What Does the Employee Retention Tax Credit (ERTC) Entail?

Are you interested in learning about ERTC?

The Employee Retention Credit, commonly referred to as ERTC or ERC, made its debut during the early stages of the COVID-19 pandemic as an integral part of the CARES Act relief package. Its primary purpose was to provide an additional incentive for small businesses to retain their workforce, although it often remained in the shadow of the Payment Protection Program.

Nevertheless, the ERTC remains applicable retroactively for both 2020 and 2021. Notably, even small businesses that received PPP loans are eligible to take advantage of the ERTC.

The ERTC constitutes a credit, effectively translating to a reduction in your tax liability. Unlike a deduction, which decreases a business's taxable income, a credit directly diminishes the total tax amount owed to the IRS.

 

Just want to know if you qualify? Get started here.

 
 

Consolidated Appropriations Act of 2021

In 2021, the Employee Retention Credit underwent revisions that enabled eligible employers to assert 70% of qualifying wages, capped at $10,000 per quarter.

  • American Rescue Plan Act of 2021

This legislation introduced recovery startup businesses established on or after February 15, 2020, as eligible entities.

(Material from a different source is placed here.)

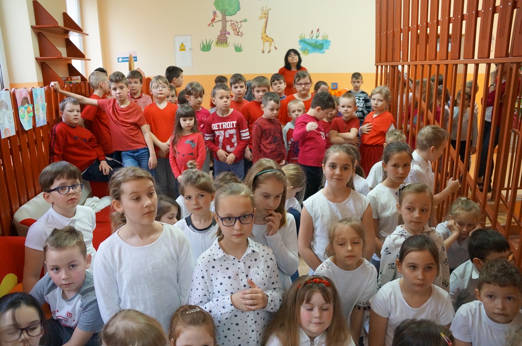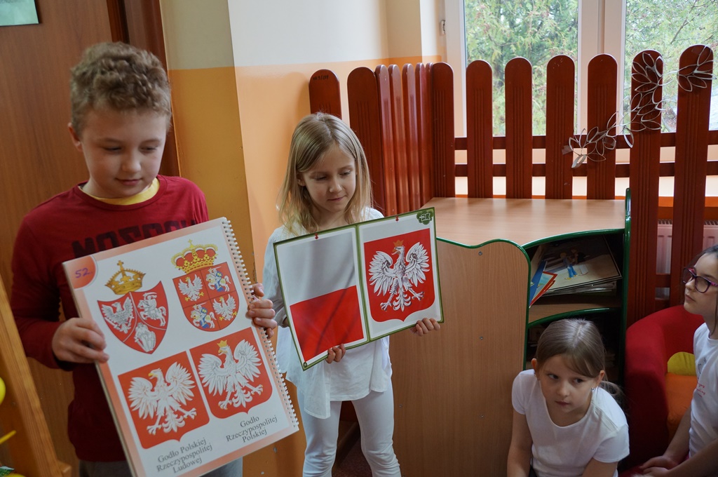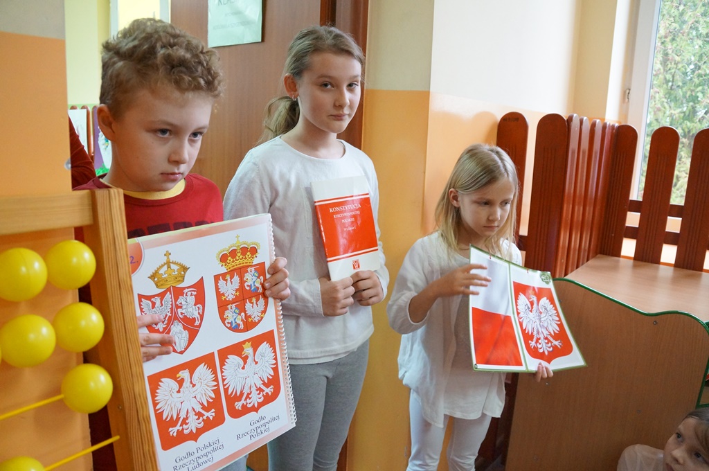 W dniu 28 kwietnia 2017 roku uczniowie z kl. I -III podczas wspólnego spotkania poznali bardzo ważne dla Polaków wydarzenia historyczne związane z Rocznicą Uchwalenia Konstytucji 3 Maja. Dzieci ubrane w biało-czerwone barwy z zadumą i powagą omówiły polskie symbole narodowe oraz odśpiewały hymn państwowy. Nie zabrakło również słów potwierdzających, jak bardzo dumni jesteśmy ze swojego kraju oraz z naszego patriotyzmu. Wykonano także wspólną fotografię, na której wszyscy uczniowie utworzyli flagę Polski; barwy biało-czerwone potwierdzają polskość i umiłowanie do naszej, kochanej ojczyzny.

To qualify, their annual gross receipts should not have exceeded $1 million in either 2020 or 2021, and they must have employed one or more W-2 employees, excluding family members.

  • Infrastructure Investment and Jobs Act of 2021

Concludes the ERC credit for the fourth quarter of 2021, with the exception of recovery startup businesses.

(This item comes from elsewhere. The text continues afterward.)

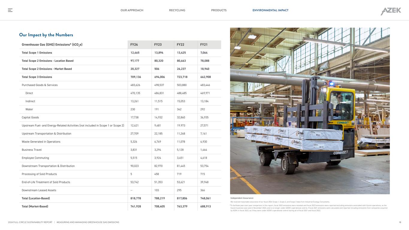 Greenhouse Gas (GHG) Emissions* (tCO2e) FY24 FY23 FY22 FY21 Total Scope 1 Emissions 12,465 13,894 13,425 7,064 Total Scope 2 Emissions - Location Based 97,177 80,320 80,663 78,088 Total Scope 2 Emissions - Market Based 20,327 506 26,237 18,940 Total Scope 3 Emissions 709,136 694,006 723,718 662,908 Purchased Goods & Services 483,626 498,537 503,880 483,446 Direct 470,135 486,831 488,485 469,971 Indirect 13,261 11,515 15,053 13,184 Water 230 191 342 292 Capital Goods 17,738 14,932 32,860 36,935 Upstream Fuel- and Energy-Related Activities (not included in Scope 1 or Scope 2) 12,621 9,481 19.973 27,571 Upstream Transportation & Distribution 27,709 22,185 11,268 7,161 Waste Generated in Operations 5,326 6,769 11,078 6,930 Business Travel 3,831 3,294 5,128 1,464 Employee Commuting 5,515 3,924 3,451 4,618 Downstream Transportation & Distribution 90,023 82,970 81,445 53,754 Processing of Sold Products 5 458 719 715 End-of-Life Treatment of Sold Products 53,742 51,353 53,621 39,948 Downstream Leased Assets -- 103 295 366 Total (Location-Based) 818,778 788,219 817,806 748,061 Total (Market-Based) 741,928 708,405 763,379 688,913 Our Impact by the Numbers Independent Assurance We received reasonable assurance of our fiscal 2024 Scope 1, Scope 2, and Scope 3 data from Industrial Ecology Consultants. *To facilitate year-over-year comparison in this report, fiscal 2022 emissions were restated and fiscal 2023 emissions were reported excluding emissions associated with Vycom operations, as the Vycom business was sold in November 2023, and is no longer under AZEK’s operational control. Fiscal 2021 emissions were calculated and reported including emissions from companies acquired by AZEK in fiscal 2022, as if they were under AZEK’s operational control during all of fiscal 2021 and fiscal 2022. | MEASURING AND MANAGING GREENHOUSE GAS EMISSIONS 18 RECYCLING PRODUCTS ENVIRONMENTAL IMPACTOUR APPROACH 2024 FULL-CIRCLE SUSTAINABILITY REPORT
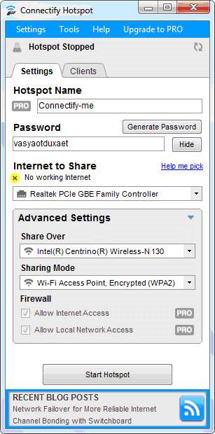 - HotSpot Name – это имя вашей точки доступа. Его изменение доступно только в платной версии программы. В бесплатной версии, оно значится, как Connectify-me. Если вы приобрели Pro-версию, то можете вписать свое название только английскими буквами или цифрами;

Understanding How the Employee Retention Tax Credit (ERTC) Operates

The Employee Retention Credit is a refundable tax credit that applies to eligible employee wages. Unlike income taxes, this credit is calculated based on payroll taxes, ensuring that even if you didn't pay income taxes in 2020 or 2021, you can still qualify for it.

The notable advantage is its refundable nature, allowing you to receive a refund exceeding your initial payroll tax payments. For instance, if you meet the criteria for a $50,000 credit under the ERC but initially paid only $10,000 in payroll taxes, you would still obtain the complete $50,000 refund from the IRS. It's important to note that a small non-refundable portion of the ERC is restricted to the amount paid in employee Social Security and Medicare taxes.

What Amount Can My Small Business receive in ERTC?

Receive Through the ERTC?

During the tax year 2020, qualifying small businesses have the opportunity to assert 50% of the initial $10,000 in wages for each employee via the Employee Retention Credit. This accumulates to a potential maximum of $5,000 per employee, and you have the option to apply for this credit in 2022

Throughout the initial three quarters of 2021, qualifying small businesses have the opportunity to assert up to 70% of the initial $10,000 in wages per quarter for every employee, resulting in a potential total of $21,000 per employee.

 

Collectively, a small business has the potential to secure up to $26,000 in credits per employee who remains employed throughout both 2020 and 2021. It's important to note that the IRS includes certain healthcare expenses within an employee's wages.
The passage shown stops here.